The record in this case is admittedly conflicted, in that the mental health treatment notes reveal the therapist's, case manager's, and psychiatrist's observations of significant symptomatology addressed by the prescription of multiple medications, while also revealing plaintiff's high functioning in terms of her higher education pursuits, social outings, other daily activities, ability to travel, etc. These treatment records reveal that plaintiff appeared to manage her symptoms fairly well on a medication and therapy regime through the end of 2008, but experienced some additional turbulence beginning in January 2009, when TennCare cuts resulted in two of her medications becoming unaffordable. (Tr. 525-26) However, plaintiff continued to receive one mood stabilizing medication, and refused her providers' advice to take a different medication (lithium), not because it was unaffordable, but for fear of its potential side effects (Tr. 529) and incompatibility with pregnancy (Tr. 538). Despite the interruption of two of her medications and fluctuation in the stress caused by school, plaintiff reported that her mood was improving and her relationship stable in early 2009. (Tr. 529-32) She even discontinued her therapy sessions in May 2009, as the school semester and its associated stress had ended and she needed a mental rest. (Tr. 33-34, 510) Coinciding with her husband's medical issues following a traffic accident in July 2009, plaintiff's symptoms worsened and an additional, anti-psychotic medication was added to her treatment. (Tr. 533-34) Plaintiff apparently struggled to comply with this new prescription regimen (Tr. 537), but in the most recent treatment note contained in the record, dated February 22, 2010 (Tr. 538), plaintiff agreed to try lithium in the face of more serious symptoms, including psychotic features. She appears to have been admitted to the emergency room for monitoring while treatment with lithium was instituted. (Tr. 29, 538)
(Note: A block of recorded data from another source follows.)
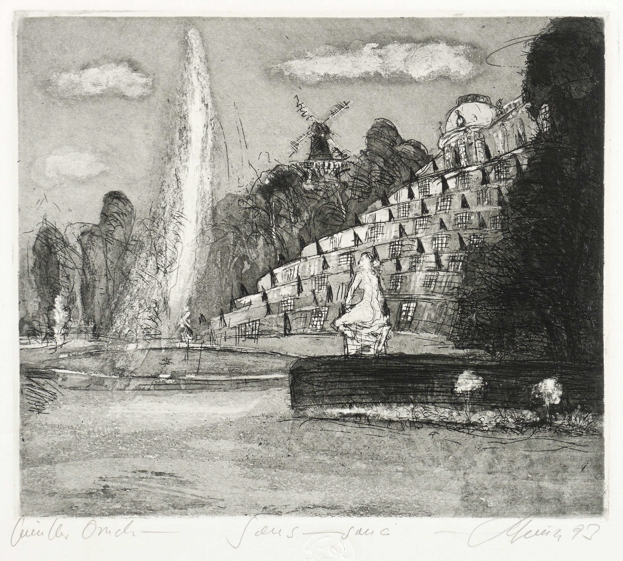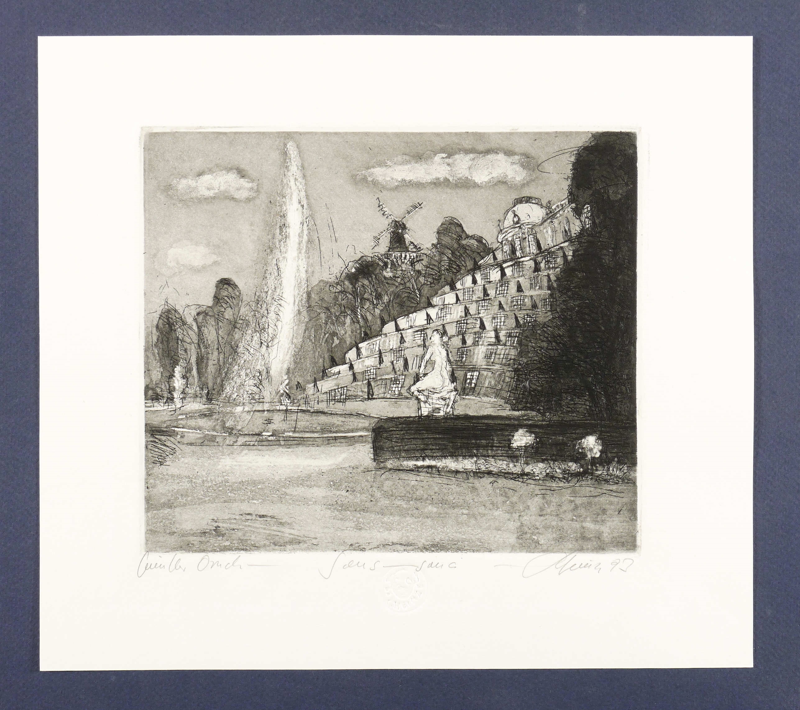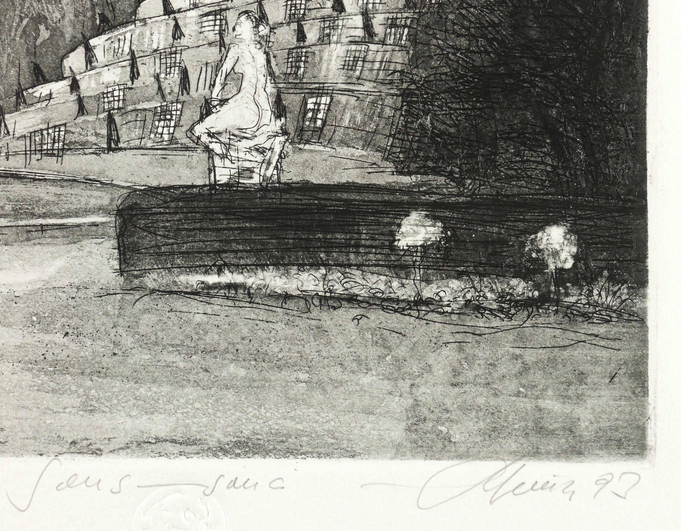 1993. Radierung / Aquatinta & Strichätzung, in Schwarz, auf hellem Büttenkarton. – Originale Künstlergrafik, von Christian Heinze. – Künstlerexemplar (e.a.). – 17,0 x 19,8 cm (Darstellung / Platte), 25 x 28 cm (Blatt).
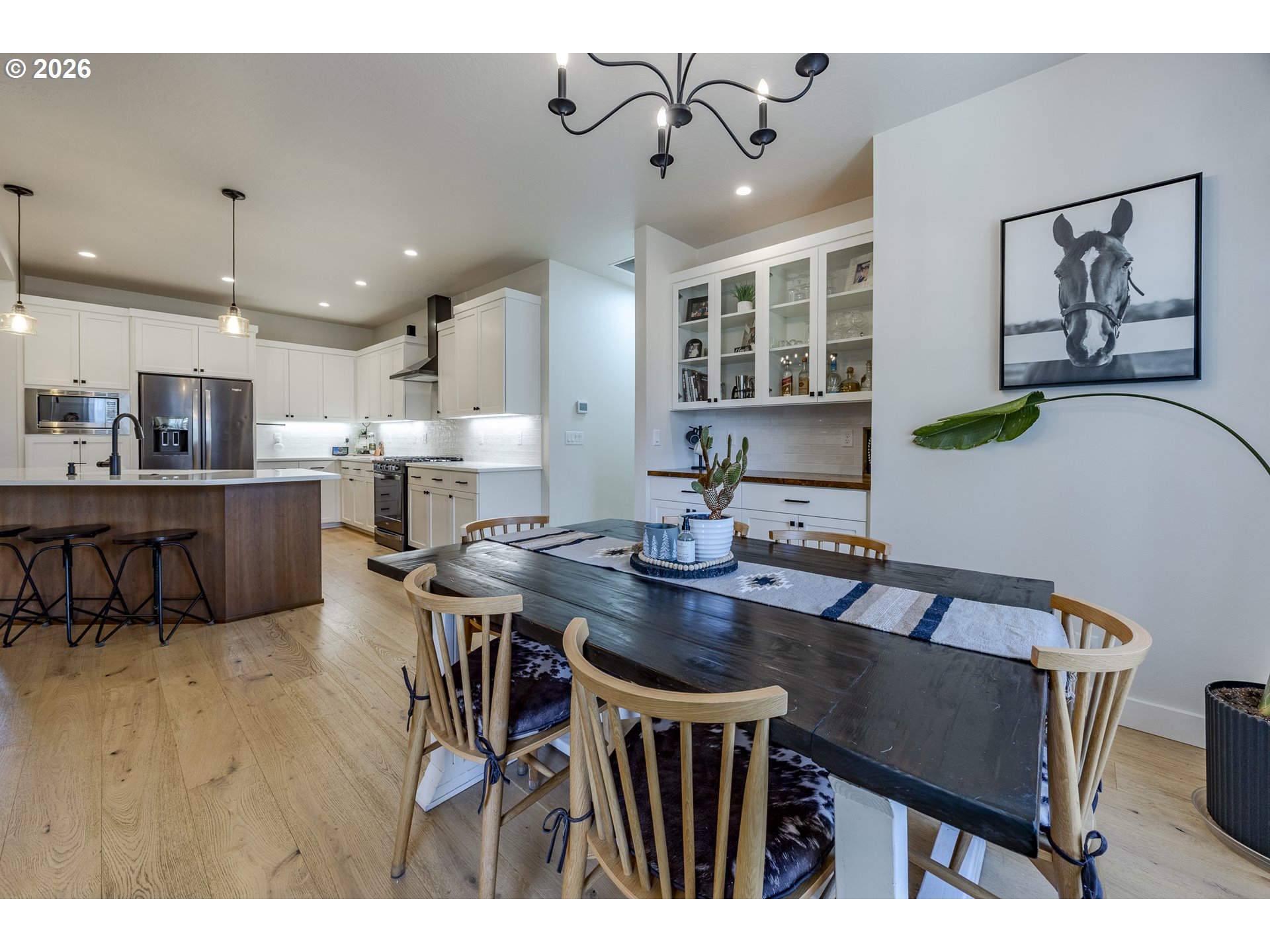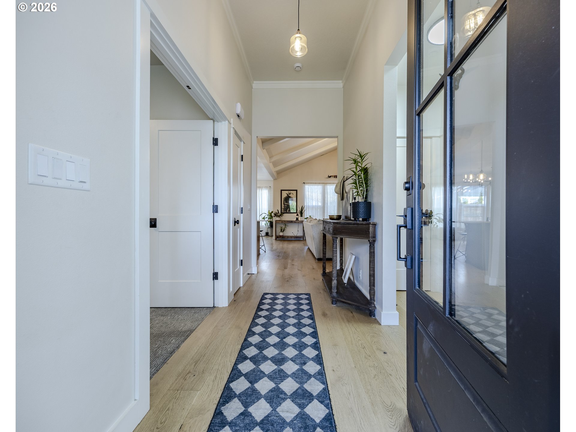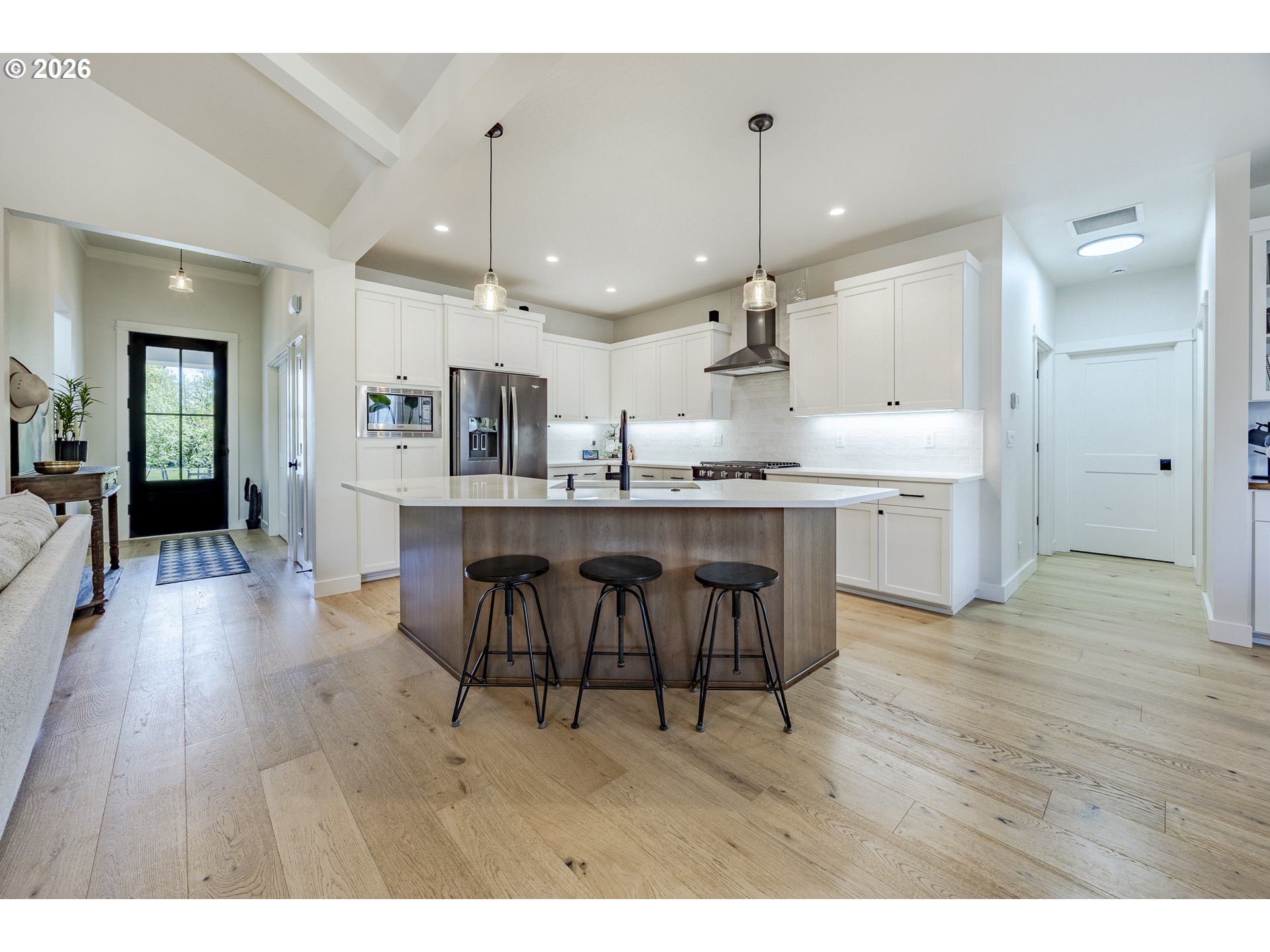 Stunning custom Bruce Weichert home in a highly desirable neighborhood! This exceptional single-level residence showcases wide-plank white oak flooring throughout. The gourmet kitchen features custom cabinetry ,quartz countertops, high-end appliances, under-cabinet lighting, a spacious island and a generous pantry. The inviting great room boasts a beautiful beamed ceiling and a striking gas fireplace, perfect for relaxing or entertaining. A generous dining area includes a built-in serving space for added convenience. The vaulted primary suite offers a spacious walk-in closet for ultimate comfort. Additional highlights include RV parking with hookups, attic storage, wired for generator, outdoor hot/cold spigot and a low-maintenance yard. Ideally located near trails, parks, and schools this home truly has it all.
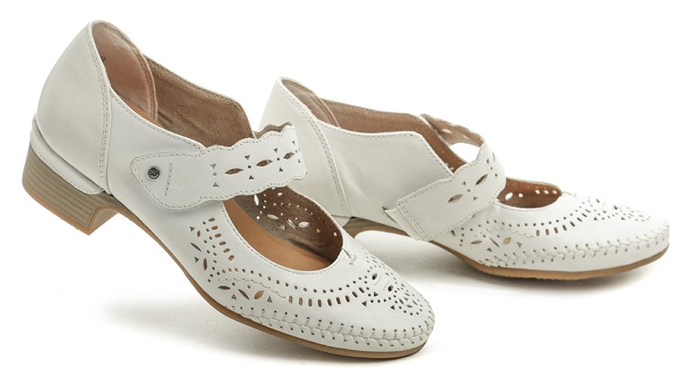 Dámská letní vycházková obuv na stabilním podpatku se zapínáním na pásek přes nárt se suchým zipem, vyrobená z pravé přírodní kůže.
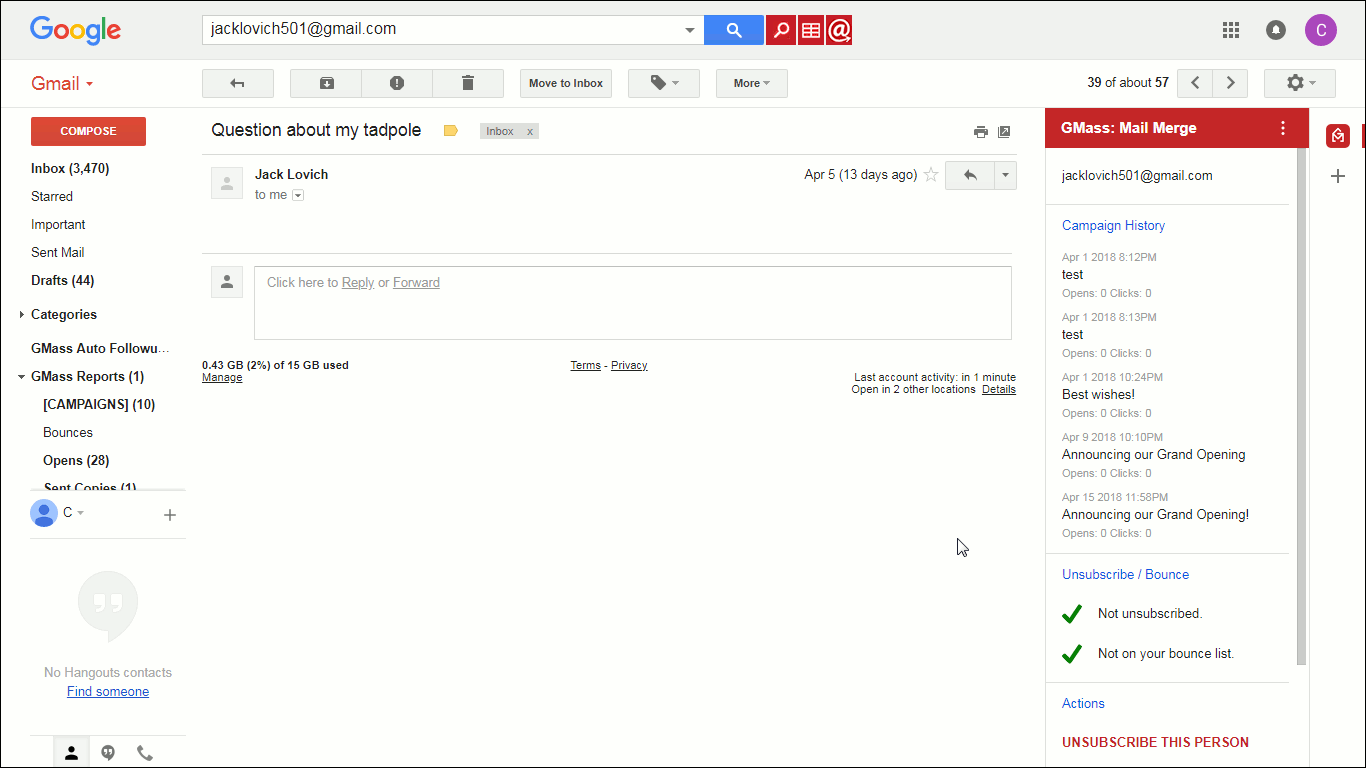 The GMass Gmail Add-on also brings an entirely new feature to Gmail: a recipient’s campaign history window and unsubscribe/bounce status.
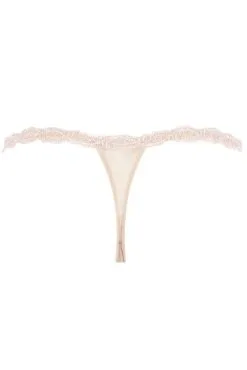 Verführerischer Mini-String mit optimalem Tragekomfort. Vorderteil aus kostbarer Satinseide und hochwertiger Leavers-Spitze. Für einen glamourösen Look sind die schmalen Seiten und der Bund im Rücken mit exclusiver Guipure verziert.
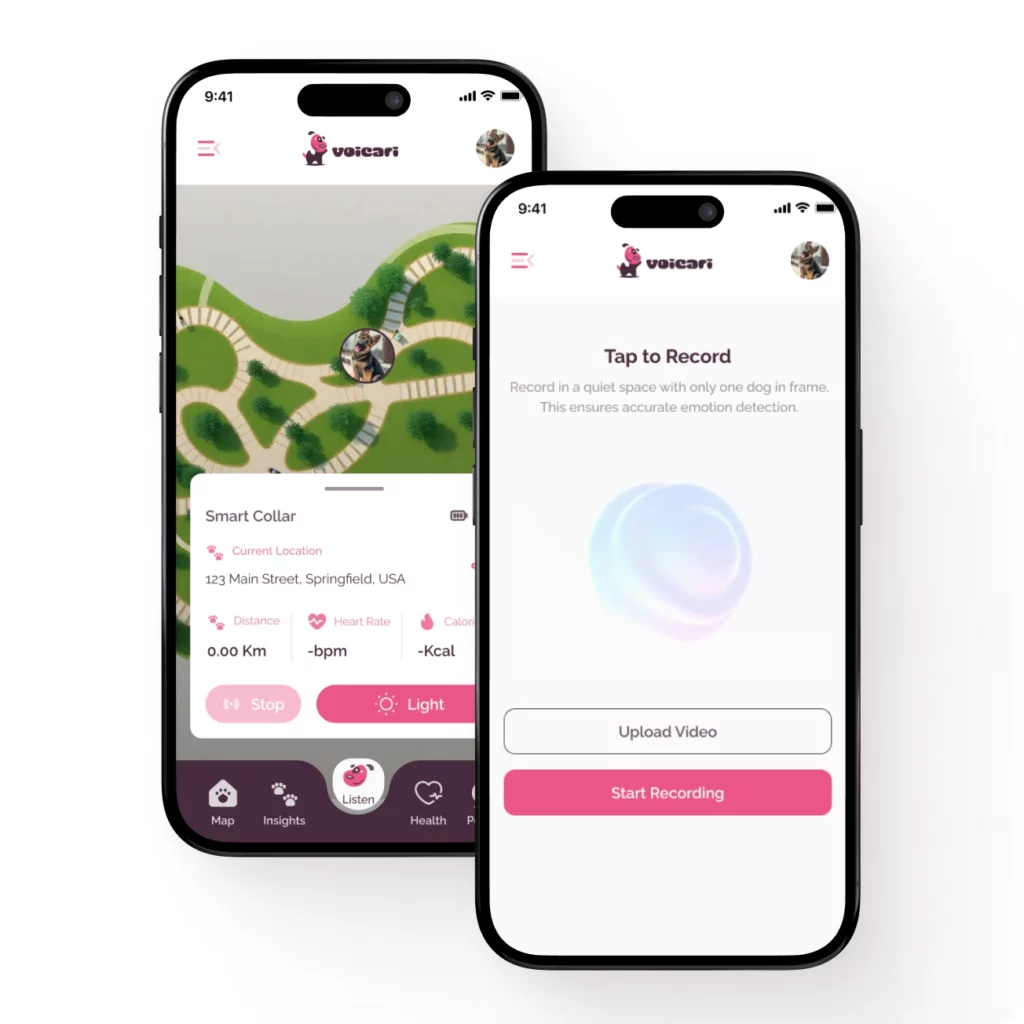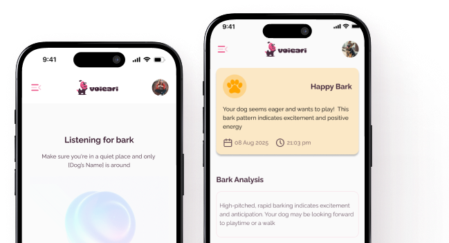 Voicari decodes emotions through AI-powered analysis of barking and vital signs. It bridges the emotional gap, strengthens trust, and prevents misunderstandings — all in real time.
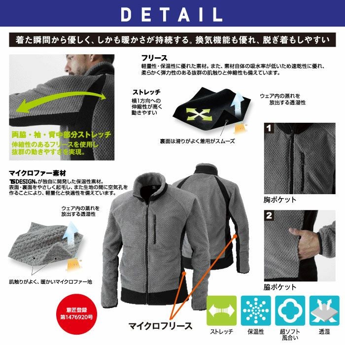 他の画像を見る 着た瞬間から優しく、暖かさが持続。換気機能、脱ぎ着のしやすさ TS-DESIGN 長袖ジャケット マイクロファー 4236 長袖ジャンパー【秋冬】 藤和 作業服 作業着【4L】 本体価格 ¥ 4,708 税込 在庫切れ カートに入れる お気に入りに登録する

Particularly in light of the standard of review, requiring only substantial evidence and not a preponderance favoring the Commissioner's decision, Rogers v. Comm'r of Soc. Sec., 486 F.3d 234, 241 (6th Cir. 2007), the undersigned finds the decision in this case to be sufficiently supported by the record of medical and nonmedical evidence to require that it be affirmed.

IV. Recommendation

In light of the foregoing, the Magistrate Judge recommends that plaintiff's motion for judgment on the administrative record be DENIED, and that the decision of the SSA be AFFIRMED.

Any party has fourteen (14) days from receipt of this Report and Recommendation in which to file any written objections to it with the District Court. Any party opposing said objections shall have fourteen (14) days from receipt of any objections filed in which to file any responses to said objections. Failure to file specific objections within fourteen (14) days of receipt of this Report and Recommendation can constitute a waiver of further appeal of this Recommendation. Thomas v. Arn, 474 U.S. 140 (1985); Cowherd v. Million, 380 F.3d 909, 912 (6th Cir. 2004)(en banc).